**DATA PROVIDED:**
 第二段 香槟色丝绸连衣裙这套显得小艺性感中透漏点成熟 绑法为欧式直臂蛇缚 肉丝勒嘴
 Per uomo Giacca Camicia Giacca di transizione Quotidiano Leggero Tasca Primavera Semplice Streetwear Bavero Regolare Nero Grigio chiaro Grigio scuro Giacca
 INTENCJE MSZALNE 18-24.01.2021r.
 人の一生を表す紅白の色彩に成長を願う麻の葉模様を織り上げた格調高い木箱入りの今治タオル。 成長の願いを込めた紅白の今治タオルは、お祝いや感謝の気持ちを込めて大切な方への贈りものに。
...
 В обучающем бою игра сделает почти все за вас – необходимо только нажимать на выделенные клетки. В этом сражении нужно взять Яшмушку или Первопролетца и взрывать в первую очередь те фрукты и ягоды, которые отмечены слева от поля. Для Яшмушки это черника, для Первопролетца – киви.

**ASSIGNMENT:**
Would you please repeat exactly the lines above, starting at the line with "Per uomo Giacca" and stopping at the line with "人の一生を表す紅白の色彩に成", both included?

**SOLVED EXERCISE:**
 Per uomo Giacca Camicia Giacca di transizione Quotidiano Leggero Tasca Primavera Semplice Streetwear Bavero Regolare Nero Grigio chiaro Grigio scuro Giacca
 INTENCJE MSZALNE 18-24.01.2021r.
 人の一生を表す紅白の色彩に成長を願う麻の葉模様を織り上げた格調高い木箱入りの今治タオル。 成長の願いを込めた紅白の今治タオルは、お祝いや感謝の気持ちを込めて大切な方への贈りものに。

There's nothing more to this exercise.